◆ What to produce ◆
Beginning with the line that contains "Fatet er håndmalt, og" and ending with the line that contains "of technical efficiency》的学术讲座。", reproduce the lines of the entries below exactly, omitting pictures.

◆ Data for this exercise ◆
============================================================

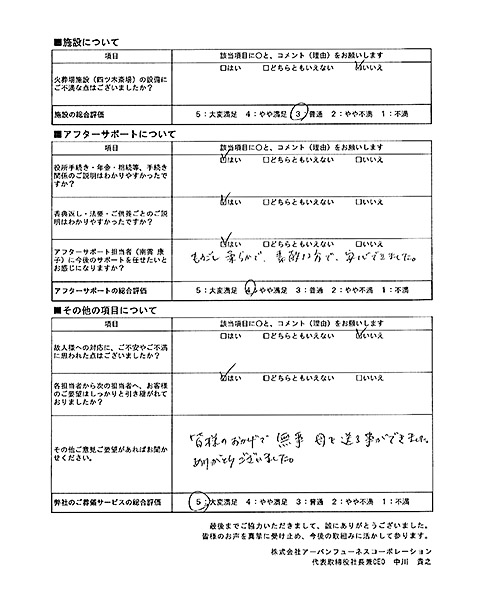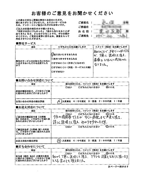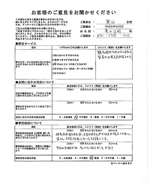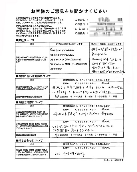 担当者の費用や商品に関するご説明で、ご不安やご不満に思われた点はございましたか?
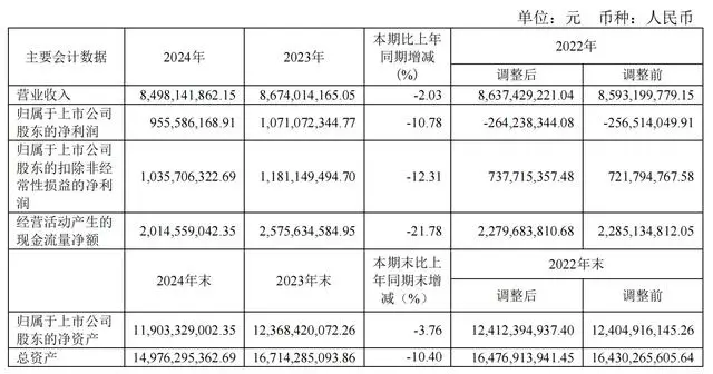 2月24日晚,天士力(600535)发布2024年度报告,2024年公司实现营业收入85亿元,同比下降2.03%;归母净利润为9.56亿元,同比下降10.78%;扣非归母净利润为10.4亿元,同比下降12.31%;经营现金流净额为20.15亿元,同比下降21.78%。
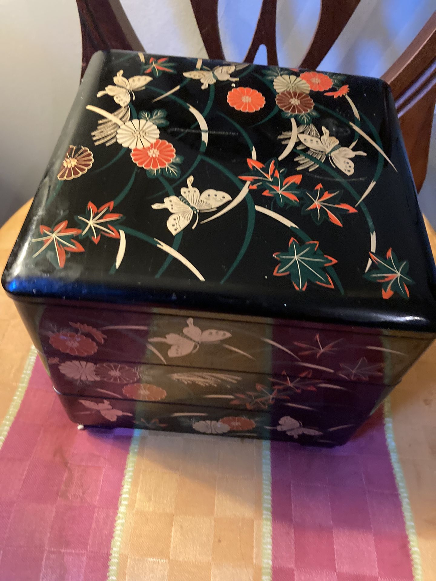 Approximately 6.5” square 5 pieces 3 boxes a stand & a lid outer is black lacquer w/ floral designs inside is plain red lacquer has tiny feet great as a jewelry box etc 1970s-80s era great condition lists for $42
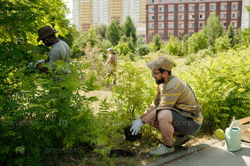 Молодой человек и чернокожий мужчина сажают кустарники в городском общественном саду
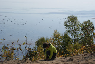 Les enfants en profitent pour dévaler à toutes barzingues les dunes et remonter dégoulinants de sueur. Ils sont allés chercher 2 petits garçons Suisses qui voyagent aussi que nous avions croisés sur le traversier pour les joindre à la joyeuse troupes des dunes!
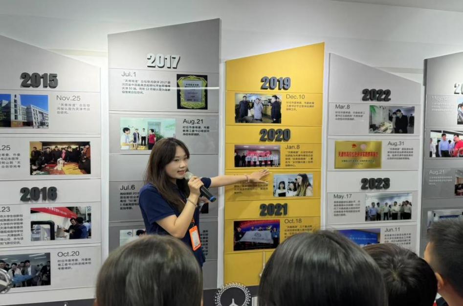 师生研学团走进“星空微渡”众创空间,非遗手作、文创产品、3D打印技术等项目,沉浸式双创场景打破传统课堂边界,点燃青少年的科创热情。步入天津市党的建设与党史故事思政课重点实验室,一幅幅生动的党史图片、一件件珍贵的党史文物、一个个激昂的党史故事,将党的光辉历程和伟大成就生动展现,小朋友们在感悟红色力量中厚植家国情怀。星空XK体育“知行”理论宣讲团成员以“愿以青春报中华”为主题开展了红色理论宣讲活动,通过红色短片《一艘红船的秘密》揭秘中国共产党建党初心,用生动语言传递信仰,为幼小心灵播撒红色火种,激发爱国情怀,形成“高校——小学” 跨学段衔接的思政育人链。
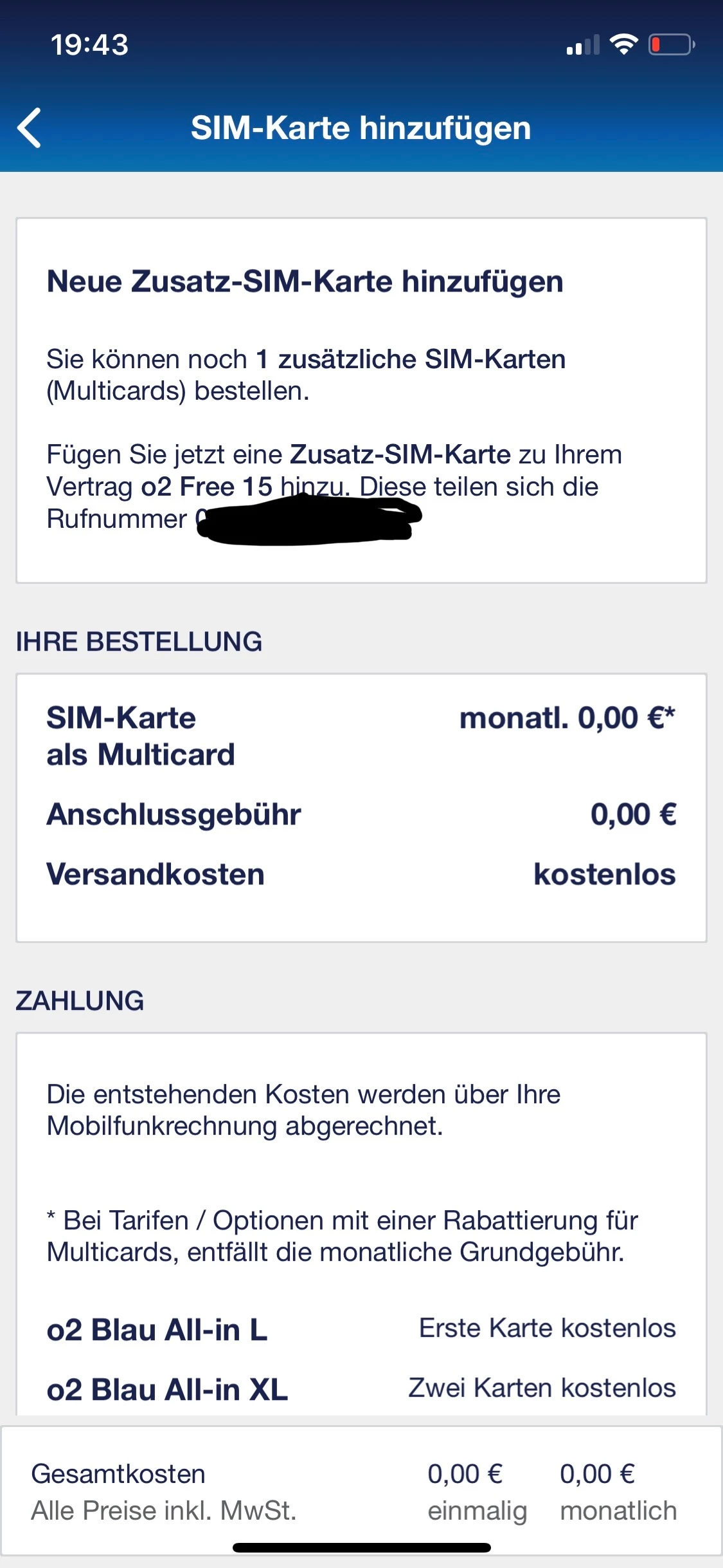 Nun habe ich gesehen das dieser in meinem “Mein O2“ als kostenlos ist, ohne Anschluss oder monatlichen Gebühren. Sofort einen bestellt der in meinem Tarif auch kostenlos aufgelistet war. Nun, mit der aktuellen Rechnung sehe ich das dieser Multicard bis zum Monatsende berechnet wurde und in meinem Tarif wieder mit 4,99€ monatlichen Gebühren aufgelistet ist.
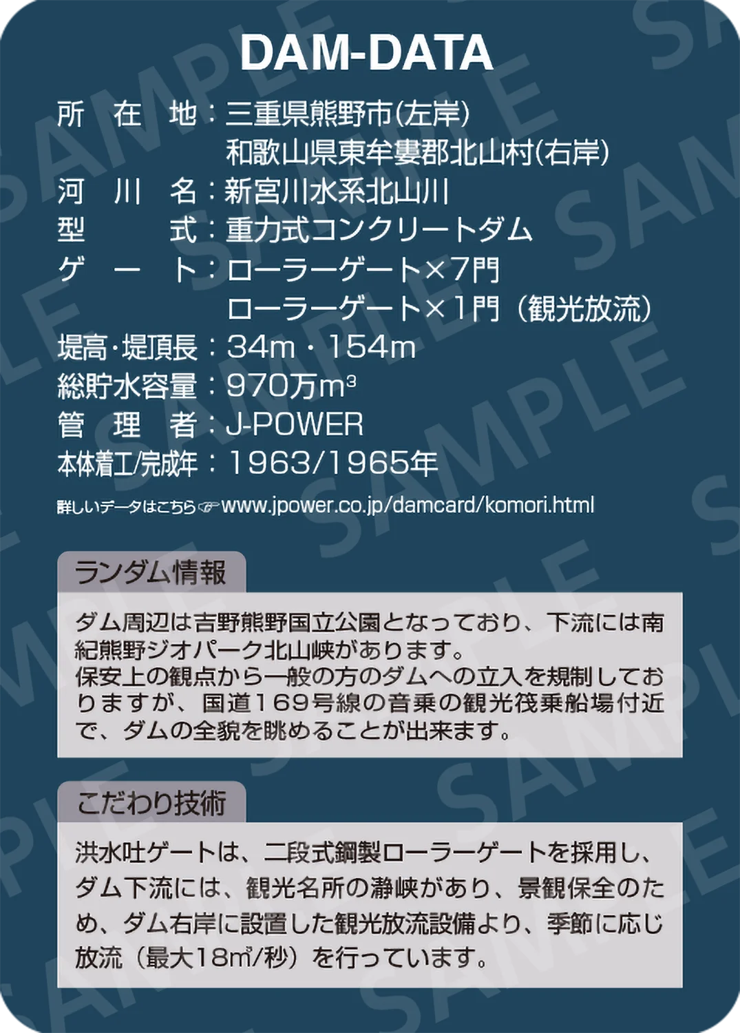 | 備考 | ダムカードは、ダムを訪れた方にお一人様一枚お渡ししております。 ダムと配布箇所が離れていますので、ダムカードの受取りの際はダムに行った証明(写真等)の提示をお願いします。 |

============================================================

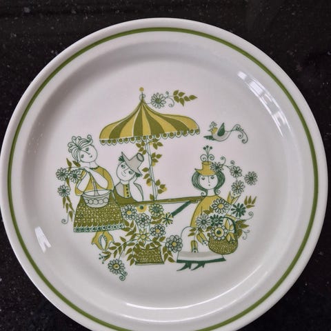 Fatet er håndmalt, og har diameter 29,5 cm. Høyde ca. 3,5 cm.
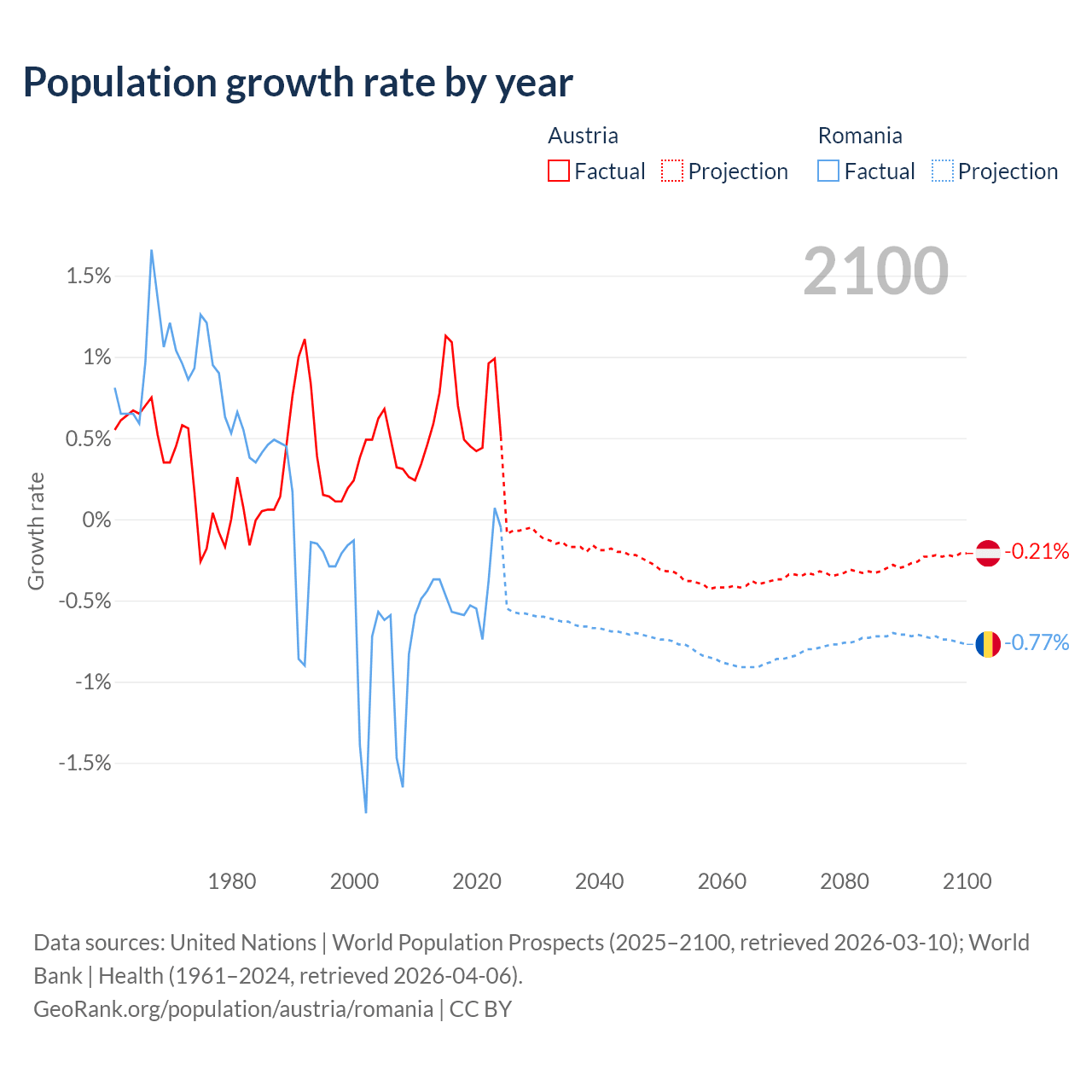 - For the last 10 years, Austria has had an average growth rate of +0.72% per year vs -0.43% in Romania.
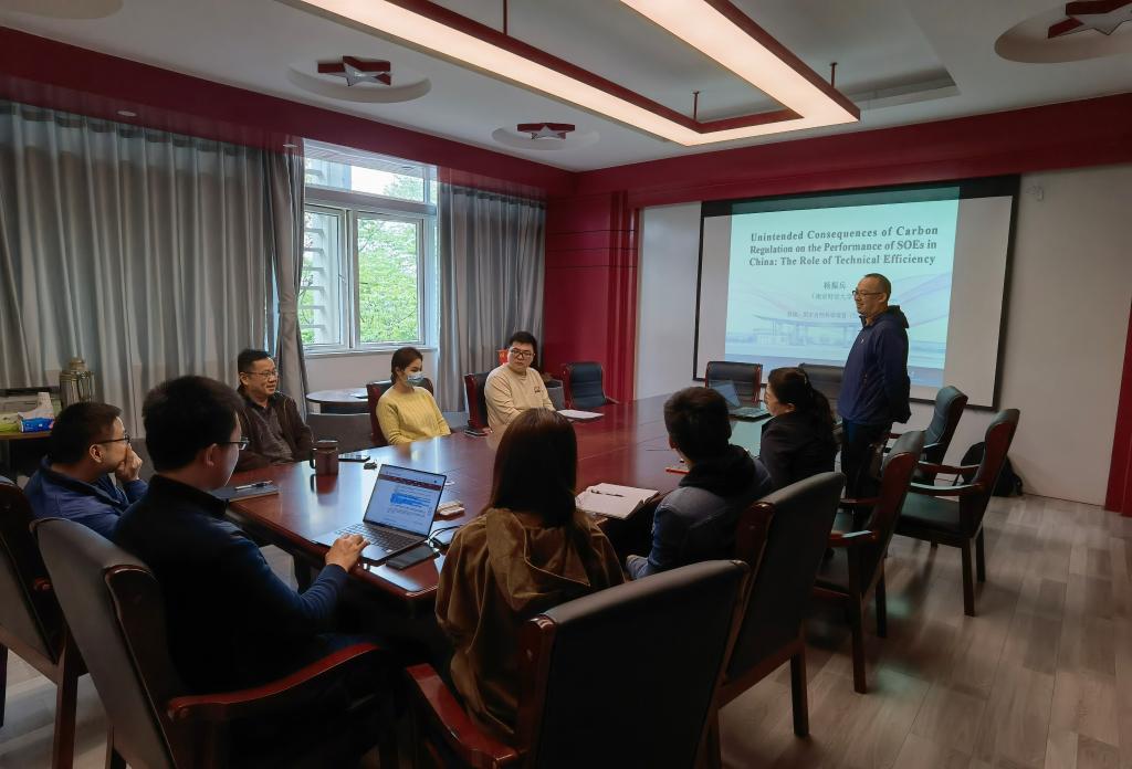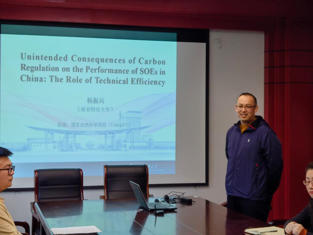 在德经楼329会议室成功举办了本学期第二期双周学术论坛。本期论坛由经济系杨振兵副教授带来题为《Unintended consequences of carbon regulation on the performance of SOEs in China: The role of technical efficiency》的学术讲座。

============================================================

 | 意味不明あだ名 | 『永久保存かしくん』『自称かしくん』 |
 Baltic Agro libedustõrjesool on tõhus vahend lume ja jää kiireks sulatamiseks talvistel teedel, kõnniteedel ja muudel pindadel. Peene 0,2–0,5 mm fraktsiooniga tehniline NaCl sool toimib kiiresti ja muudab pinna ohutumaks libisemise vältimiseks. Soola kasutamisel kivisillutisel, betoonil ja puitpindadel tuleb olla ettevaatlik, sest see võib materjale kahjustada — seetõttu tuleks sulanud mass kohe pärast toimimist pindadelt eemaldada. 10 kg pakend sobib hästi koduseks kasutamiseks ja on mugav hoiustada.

============================================================

◆ Task answer ◆
 Fatet er håndmalt, og har diameter 29,5 cm. Høyde ca. 3,5 cm.
 - For the last 10 years, Austria has had an average growth rate of +0.72% per year vs -0.43% in Romania.
 在德经楼329会议室成功举办了本学期第二期双周学术论坛。本期论坛由经济系杨振兵副教授带来题为《Unintended consequences of carbon regulation on the performance of SOEs in China: The role of technical efficiency》的学术讲座。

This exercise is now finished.